While they may have been a tad late to the L.A. rock and roll party, having released two kick ass records with their killer debut in 1987 and stellar follow up Wake Me When It’s Over in 1989, Faster Pussycat held out into the 90’s capping off their first rock and roll life with third release Whipped. While not as commercially successful as their first two, for many fans, Whipped stands as a cool bookend to their original run as the band continued to rock out sold out shows before breaking up for the first time the year after its release. Discouraged by sales? Only Taime can say for sure but just a little over half a decade later, Faster Pussycat were back and a welcome breath of fresh air after a few years of drop-d nu-metal and such. Faster Pussycat continue to rock and roll with Taime leading the way in celebration of great rock and roll including Whipped which this year turns thirty.
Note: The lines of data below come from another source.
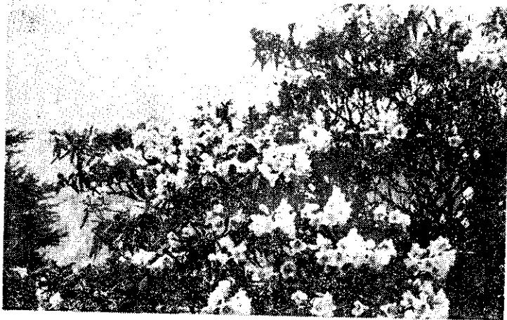
森氏杜鵑白色花冠，上有紫色斑點，產3,000公尺以上山地。

欣賞與栽培，歷史極為悠久。唐朝大詩人白居易有「題山石榴」詩，即指杜鵑。宋朝有更多的詩詞描述杜鵑花，多強調其鮮紅之花色。如梅堯臣之「顏色勝膠鬲」，辛棄疾之「血染赭羅巾」，高菊卿之「淚血染成紅杜鵑」等詩句。因此引出杜鵑啼血之傳說。
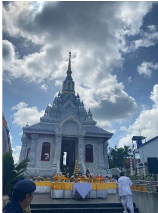
ภาพที่ 1 ศาลหลักเมืองบ้านเมืองใหม่ ตำบลเมืองใหม่ อำเภอกลาง จังหวัดภูเก็ต

กลางถูกยุบเป็นอำเภอขึ้นกับเมืองภูเก็ตหลังการเปลี่ยนแปลงการปกครอง 2475 อำเภอทุ่งคา เปลี่ยนมาเป็นอำเภอเมืองภูเก็ต และเปลี่ยนชื่ออำเภอกลางเป็นอำเภอกลางในปี พ.ศ. 2481 ซึ่งในปัจจุบันศาลหลักเมือง เมืองใหม่ก็ยังมีผู้คนให้ความสนใจในเรื่องของความเชื่อความศรัทธาและเข้ามาเคารพสักการะบูชาอยู่เสมอ
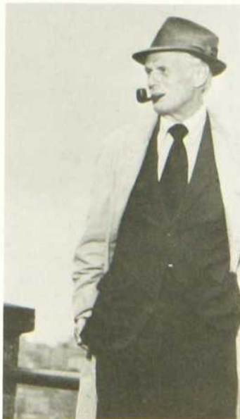
Enquête à Naples

Avant de mourir, Linzza a néanmoins le temps de révéler au détective l'endroit où ses documents secrets sont cachés.
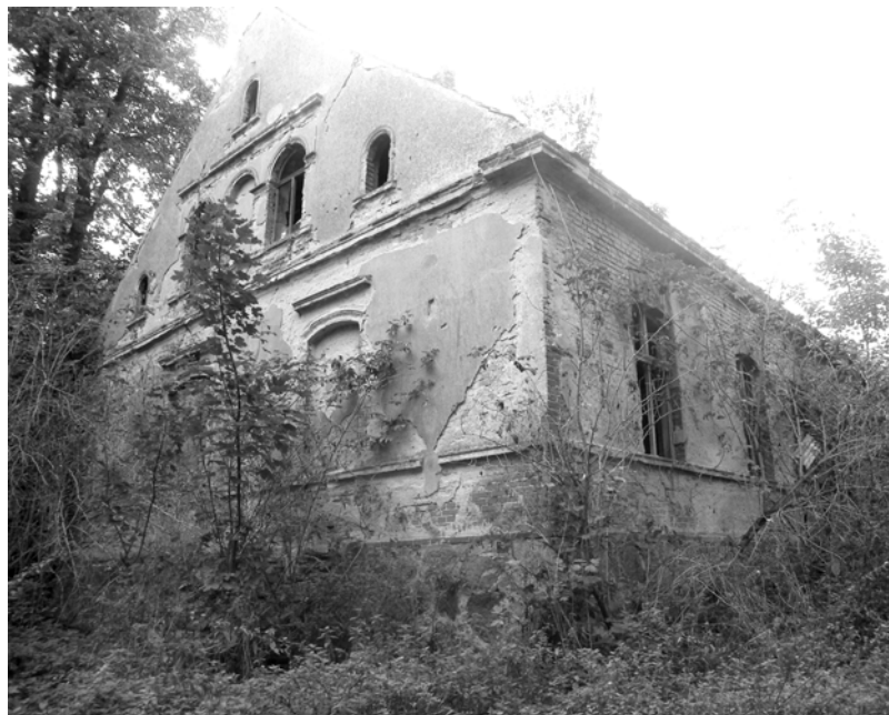
Pałac i ruiny zabudowań przypałacowych
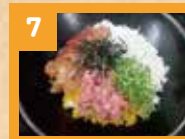
7 しらすとWまぐろ丼 880円
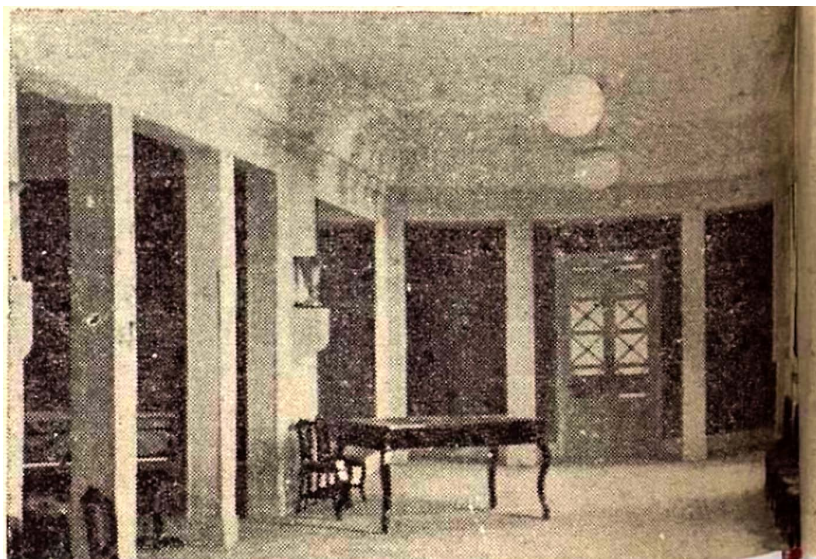
Figura. 5. Aula de danza del Real Conservatorio de Madrid.
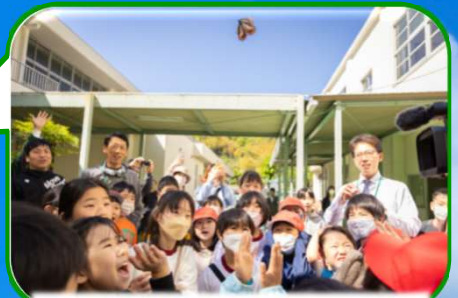
朝比奈で誕生したアサギマダラの放蝶
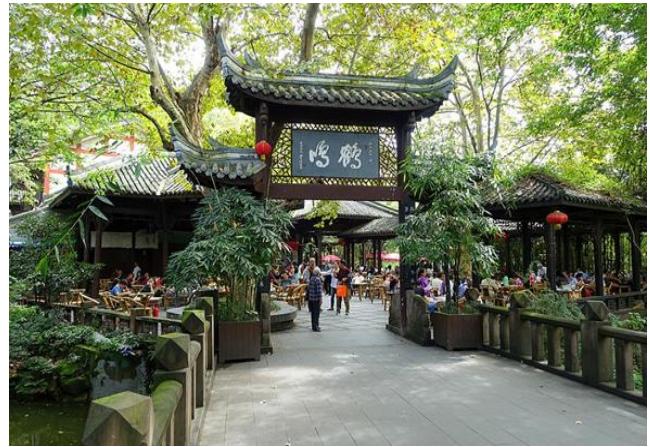
鶴鳴茶館
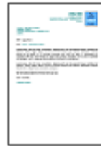
Lettre commerciale moderne sans-serif
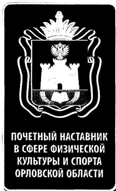
Рисунок знака отличия «Почетный наставник в сфере физической культуры и спорта Орловской области»

Рисунок знака отличия является неотъемлемой частью настоящего описания.
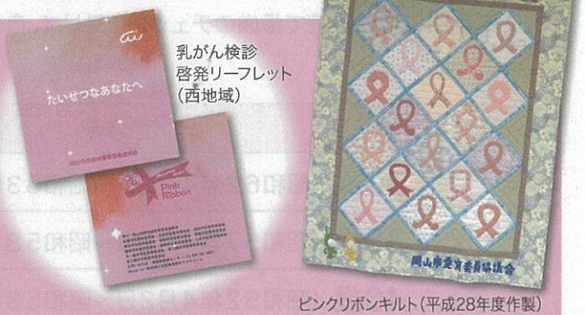
ピンクリボンキルト(平成28年度作製)
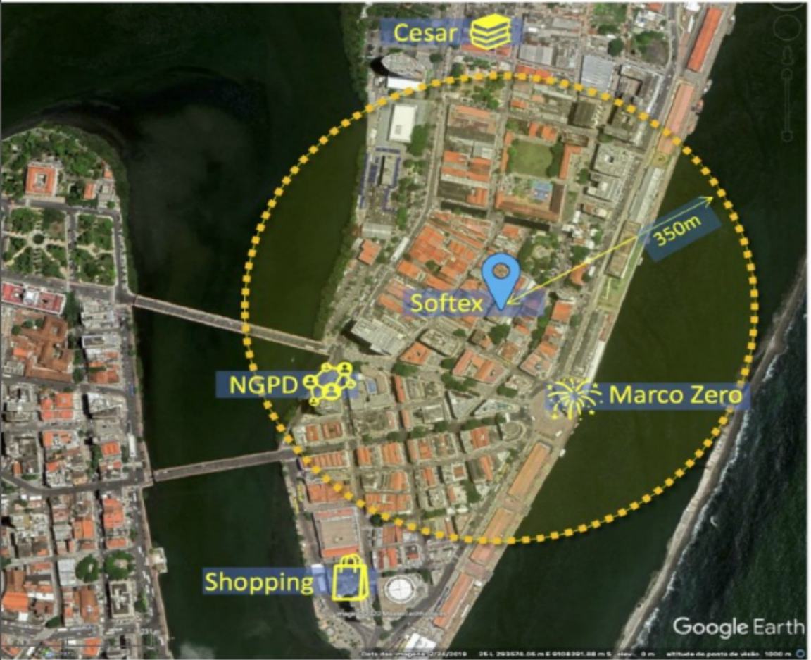
Porto Digital Recife
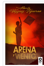
ARENA Y VIENTO VÁZQUEZ-FIGUEROA, ALBERTO
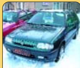
Škoda Felicia Combi GLX 1.9 D, 47 kW, r. v. 1997, 118 tis. km, centrální, imob., posil. říz., tažné. Cena: 109 000 Kč.
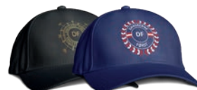
DF KASKETTER 139 KR. PR. STK.
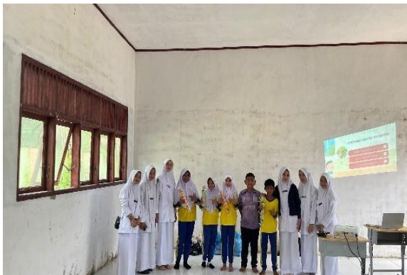
Gambar 3. Foto setelah penyuluhan
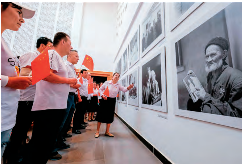
于田县先拜巴扎镇党员干部在库尔班·吐鲁木纪念馆参观。
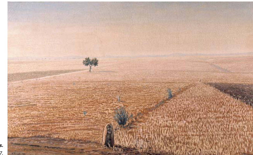
Rastrojos. Óleo sobre lienzo. 1957.

En el espacio dedicado al bodegón, faceta en la que fue premiado en varias ocasiones, encontraremos obras de temprana ejecución, aunque de conseguidas composiciones y entre las que destaca la obra Limpiando cacharros , galardonada en 1942 en la II Exposición Nacional de Arte de la obra sindical de Educación y Descanso, celebrada en el Círculo de Bellas Artes de Madrid.
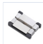
56620 CONNETTORE STRIP TO STRIP 10Pz
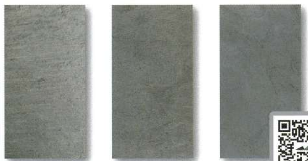
SL-57 / SLS-57 SEA GREEN シーグリーン
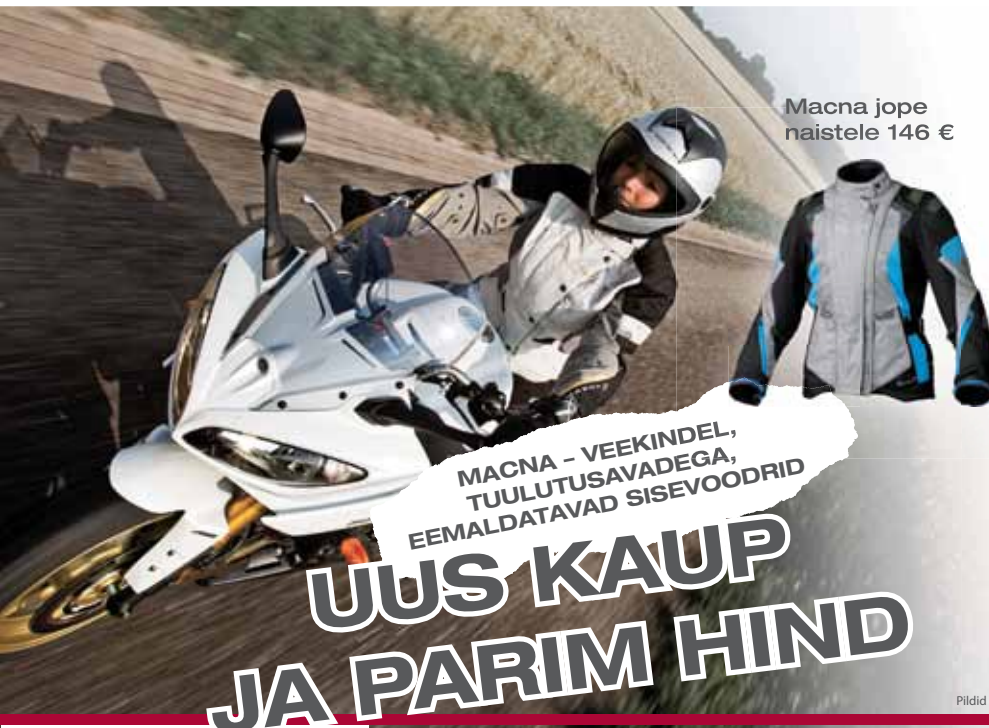
Macna jope naistele 146 €
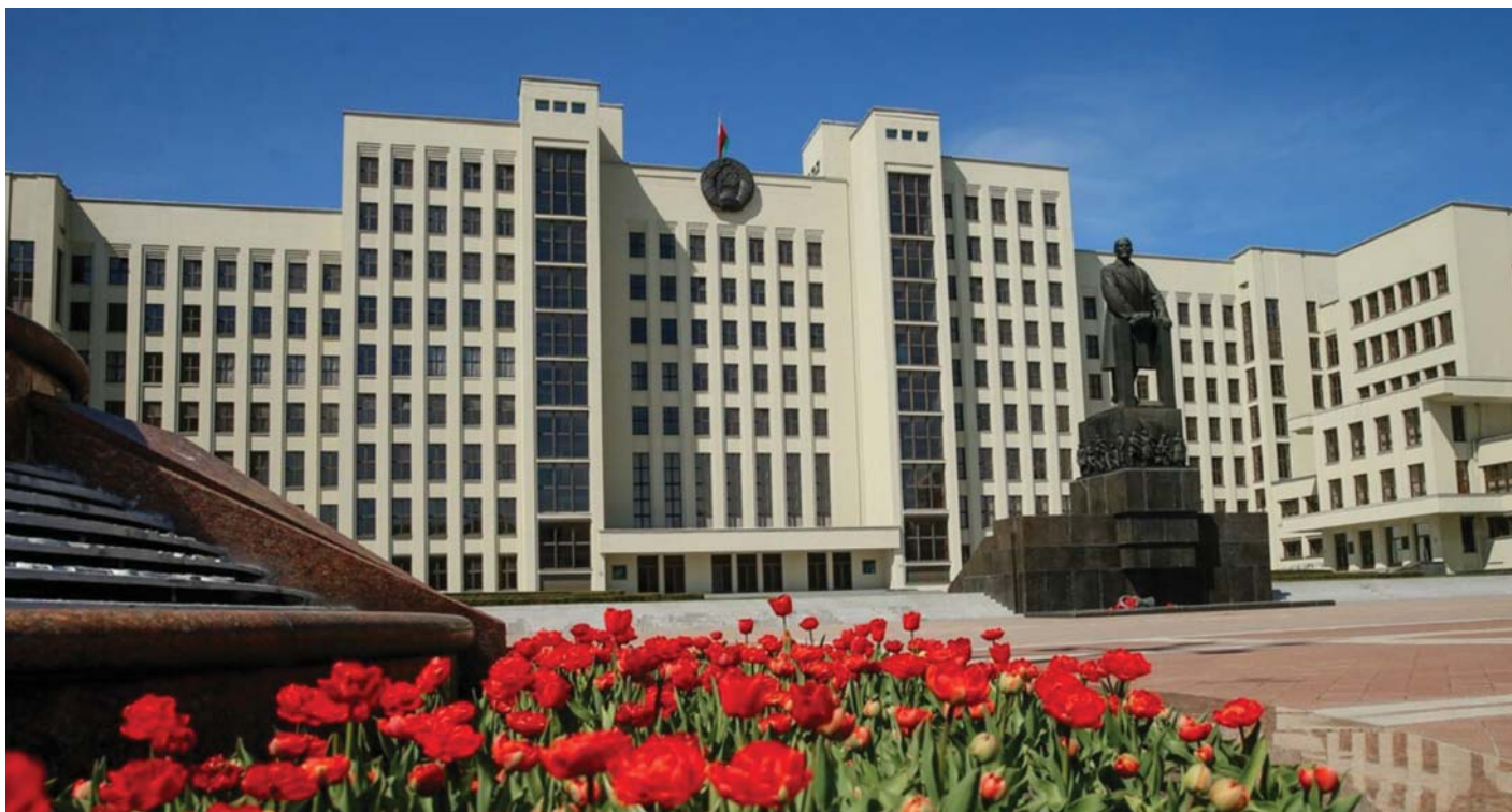
A belarusz parlament épülete

Február 25-én választják meg a Belarusz Köztársaság új parlamentje és a helyi önkormányzatok képviselőit. A világ inkább az elnökválasztásokra figyel. Legutóbb 2020-ban megkísérelték megbuktatni Alexandr Lukasenko elnököt, és hosszú hónapokig folytak az ellenzék utcai megmozdulásai. A nép azonban az elnök mellé állt, és megindult a politikai konszolidáció folyamata. A mostani parlamenti választás e folyamat fontos állomása, és mint ilyen, fokozott érdeklődés kíséri Belaruszban és külföldön is.
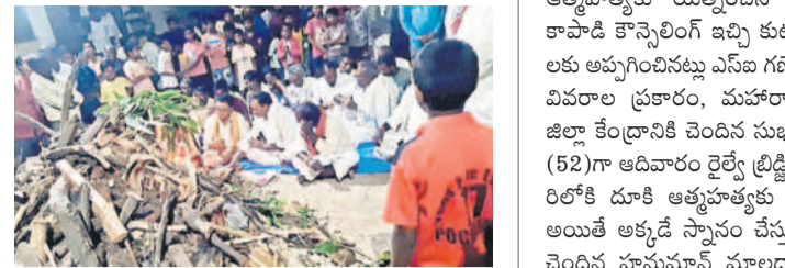
సోన్లో కామదహనం నిర్వహిస్తున్న గ్రామస్థులు

దస్తరాబాద్, మార్చి 24 : ఆదివాసీ గిరిజనులు గూడెల్లో హోలీ పండుగను ప్రత్యేకంగా జరుపుకుంటారు. గ్రామ పట్టణ అధ్యక్షులతో ప్రతియేటా వేడుకలను నిర్వహించడం ఆనవాయితీ. కామదహనాన్ని సంప్రదాయబద్ధంగా జరుపుకుంటారు. ఇంట్లో ఎన్ని కుటుంబాలు ఉన్నాయో లెక్క కడుతారు. ప్రతి ఒక్క కుటుంబం నుంచి ఇంటికి కుడక, రెండు చక్కర బిల్లల హారాలు తీసుకవచ్చి గ్రామంలోని బహిష్కరించిన వాళ్లకు వేడుకలు తెలుపుతారు. అనంతరం వచ్చిన కుడకలను బట్టి ఎన్ని కుటుంబాలు ఉన్నాయో అదే వారి లెక్క. ఆదివాసీ గ్రామంలో కామదహనంతో మాత్రం, మాత్రం (ముసలవ్వ, ముసలయ్య) నామంతో రెండు పాడవాటి వెదురు కర్రలను తీసుకొని వాటికి కొన భాగంలో వాలుగా చతుస్రాకారంలో సన్నని పట్టిలకు కుడక, ఉల్లిగడ్డలు, గాలి, వంకాయలను వేలాడ చేస్తారు. ఆ తరువాత పాడగాలి కర్రలకు కింది భాగంలో నిప్పు పెట్టడం (కామ దహనం) చేయడం జరుగుతుంది. ఇందులో (మాతరి ముసలవ్వ-మాత్రం ముసలయ్య)గా అభివేదించారు. వెదురు బొంగులకు అలకరించిన మాతరి, మాత్రంను డబ్బు, డోలు, వాయిద్యాల చప్పుళ్లతో గ్రామ పోలీసుల వరకు తీసుకవచ్చి కామ దహనం గోండుల ఆచార వ్యవహారాలతో నిర్వహిస్తారు. దహనం చేసిన అగ్నిగుండం చుట్టూ సంప్రదాయ పద్ధతిలో నృత్యాలు చేస్తూ హోలీ సమురాలు జరుపుకుంటారు. కామ దహనంలో ఏది ముందుగా పడితే అదే ఈ సంవత్సరం వాళ్ల అధ్యక్షుల సంవత్సరంగా భావిస్తారు. అయితే ఆ సమయంలో కొత్తగా పెండ్లి చేసుకుంటారో, తల్లిదండ్రుల నుంచి వేరుపడిన కొడుకు-కొడతల్లి కుడక

Now it can be argued that Faster Pussycat‘s third was actually not their worst having landed seven spots higher on the US Billboard album charts at #90 than their now classic debut and even scoring higher in Japan than sophomore smash album Wake Me When It’s Over. Yeah, the songs on Whipped might not be as familiar to general rock and roll fans as say “Bathroom Wall” or “House of Pain” or even “Poison Ivy” but it can even more so be argued that as a whole, they are just as good with each pretty much delivering the band’s sleazy rock and roll. Sure the sound of the delivery changed again but who wants the exact same album over and over? Elektra labelmates Mötley Crüe obviously changed over their first four records and we ain’t cried over that! Whipped was again loaded with cool rock and roll but with a little extra cream if you will and most of that made its way into the songs.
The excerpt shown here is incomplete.